Communication network resilience is a strategic imperative
In an increasingly digital society, connectivity is not just a convenience, it is critical. From emergency services to energy grids, modern life depends on uninterrupted communications. However, as recent blackouts, cyberattacks and natural disasters reveal, these systems are vulnerable. And when communication networks go down, the ripple effects can be immediate and severe.
A new OECD report on enhancing the resilience of communication networks explores how communication networks are deeply intertwined with other sectors, from energy to transport to healthcare. This interdependence reinforces the need for robust strategies that anticipate and mitigate risks, ensuring continuity even in times of crisis.
These threats and crises are real and rising. In the European Union, system failures accounted for 93.5% of user-hour losses in 2022. Natural disasters triggered a record 168 million network incidents, nearly triple the number in 2019. Meanwhile, undersea cables, which carry more than 99% of global internet traffic, face around 150 disruptions annually.
These numbers point to an uncomfortable truth: communication network resilience is not just about avoiding downtime. It is about safeguarding economic activity, public trust, and even national security.
Communication network resilience presents a multifaceted challenge for policymaking
The resilience of communication networks cannot be reduced to a single solution or technology. It is a multifaceted challenge that spans engineering, policy, and operations.
Network resilience rests on multiple pillars, including the physical redundancy of key network components, secure and diverse routing, and robust energy backup systems. Operators and emergency stakeholders also invest in incident response protocols and restoration capabilities to limit service downtime during and after major incidents.

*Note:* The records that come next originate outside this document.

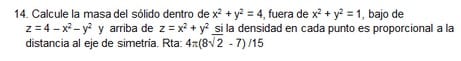 cordial saludo valeroasm. En el siguiente ejercicio me piden hallar la masa del solido delimitado por las superficies cilíndricas que allí mencionan.empezando porque no se hacer el dibujo y ya te podrás imaginar el resto. Necesito que me ayudes a resolverlo, como es eso que la densidad en cada punto es proporcional a la distancia al eje de simetría y como se cual es el eje de simetría.aquí te lo dejo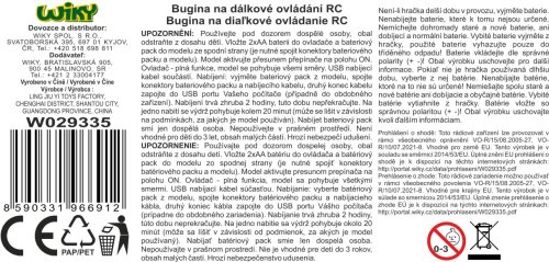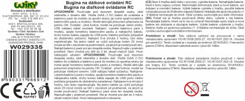 Bugina RC na dálkové ovládání. Velikost 23 cm. Bateriový pack 3.7V do buginy součástí, 2xAA do ovladače nejsou součástí. USB kabel součástí. Přepínač ON/OFF na spodní straně auta.
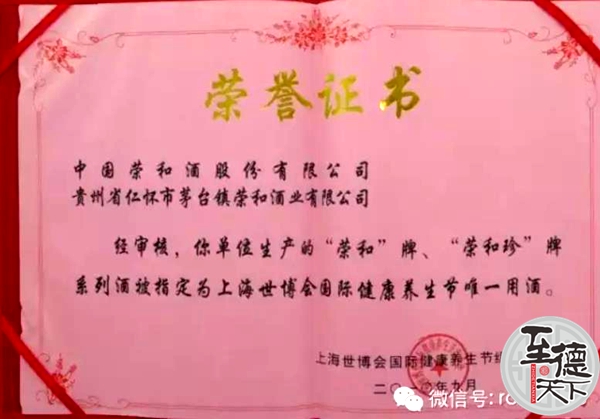 2010年被指定为上海世博会国际健康养生节唯一用酒。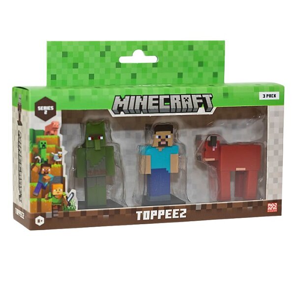 Minecraft 3D Figur Zombie Villager, Steve og Cow 6cm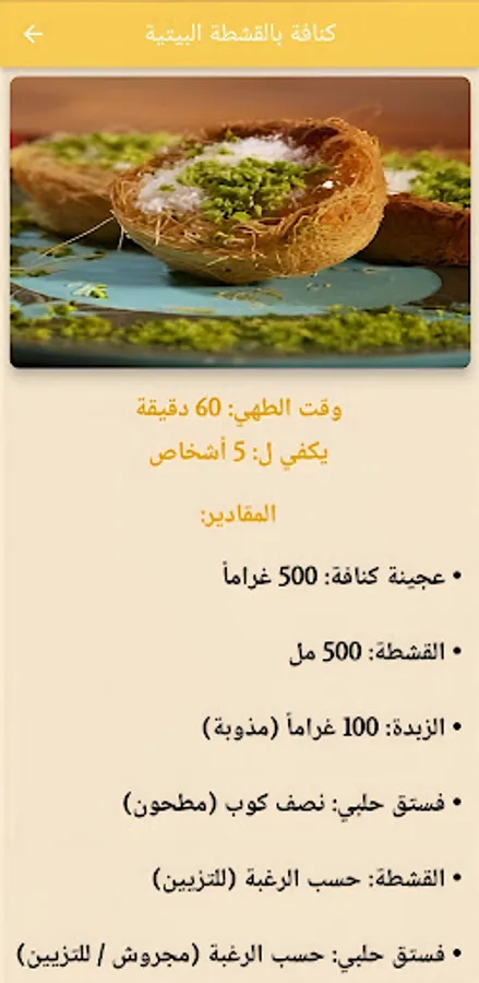 The Delicious Kunafa application includes clear details of each step in the Kunafa preparation process, from choosing the right ingredients to the final steps to serving the Kunafa in a delicious and impressive way. The app also allows for customizing recipes according to user preferences, such as adjusting ingredient amounts or adding additional ingredients.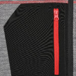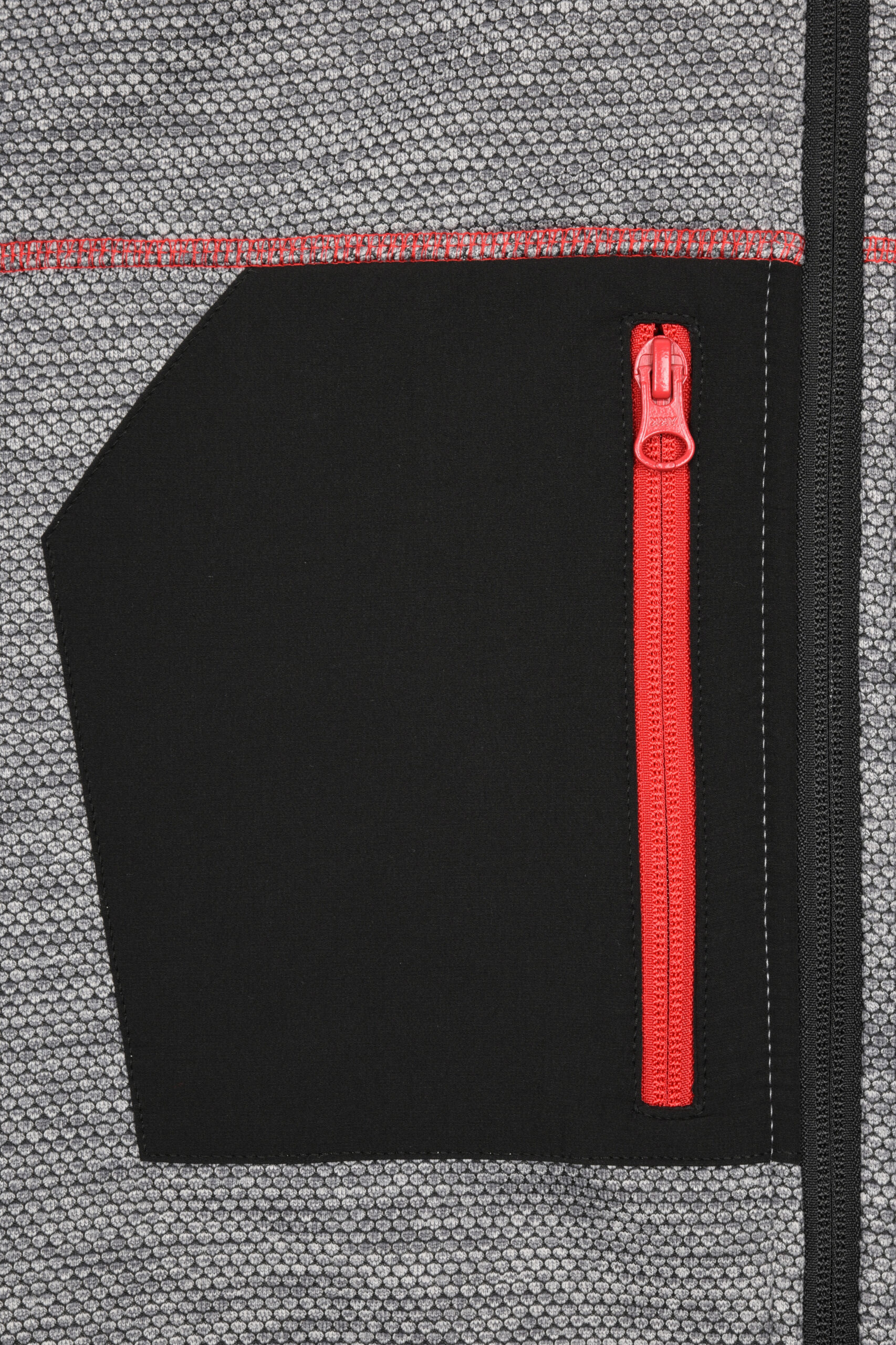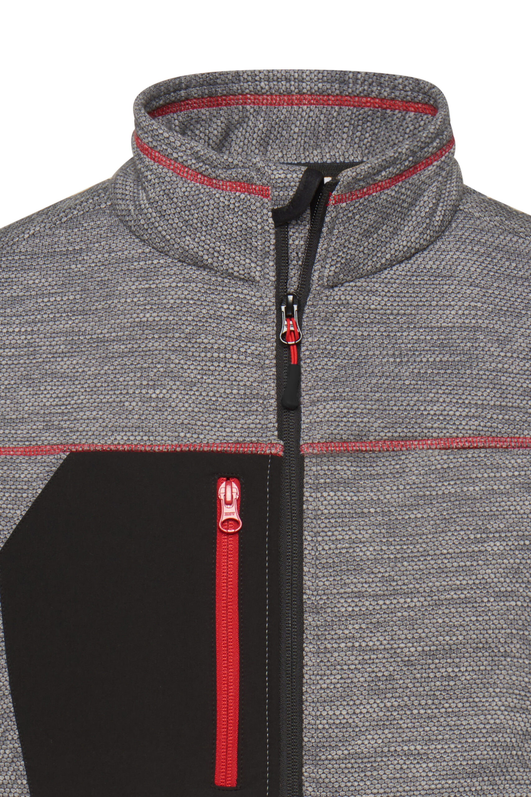 - Durchgehender, hinterlegter Reißverschluss mit Kinnschutz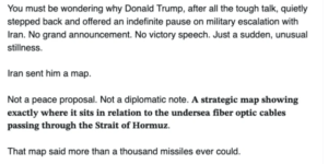 So, everyone’s attention is now away from the expected imminent new attack from the US on Iran.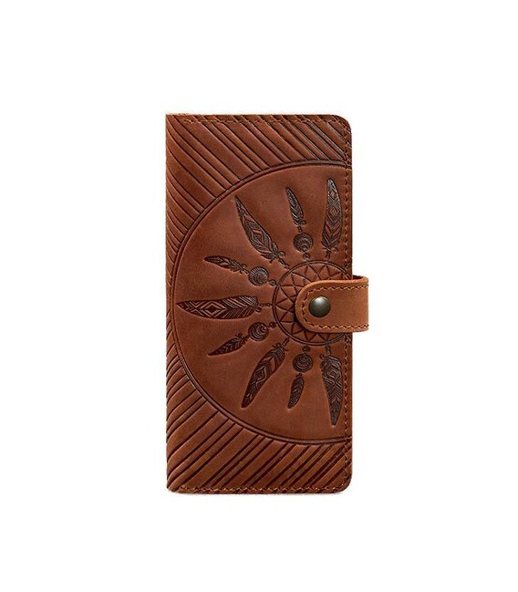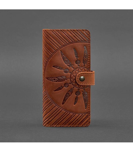 Прикрашений аксесуар тисненням у вигляді ловця снів. Ми впевнені, що цей індіанський талісман виконує не тільки декоративну функцію, але і захищає фінанси від швидкого витрачання і необдуманих витрат. Тиснення виконано чітко і акуратно. Вам сподобається тримати портмоне в руках!

However, knowing whether a network is resilient and how resilient it is requires reliable metrics, and assessing resilience can be complex. While various international bodies have proposed measuring frameworks, applying them consistently remains difficult. Measuring resilience is, therefore, not just a technical challenge but a governance one, involving choices about what to measure, how often, and using which tools. Without a shared understanding of resilience benchmarks, it becomes harder to improve or coordinate policies across borders.
Trends in communication network resilience across OECD countries
Recognising these challenges, OECD countries are adopting diverse policy responses. These include mandatory redundancy requirements, incident reporting obligations, incentives for infrastructure sharing, and frameworks for cross-sectoral co-operation. Some countries have implemented comprehensive national resilience strategies that integrate telecom resilience with cybersecurity and civil protection planning. Others are fostering public-private partnerships to simulate crisis scenarios and test emergency responses.
Our report maps these initiatives to offer guidance to policymakers seeking to develop or refine their national approaches. It also highlights the importance of learning from international experiences, especially as many threats to network resilience are transboundary in nature.
Join us for a discussion on communication network resilience
The blackout in Spain is not an isolated event. It is both a warning sign and an opportunity. As countries are modernising their infrastructure, resilience must be designed in from the start and the OECD is helping countries face this challenge.
The report was officially presented at a hybrid event in Valencia (Spain) on 19 May that provided a local-to-global perspective on how policymakers and operators can co-operate to protect communication networks as critical infrastructure.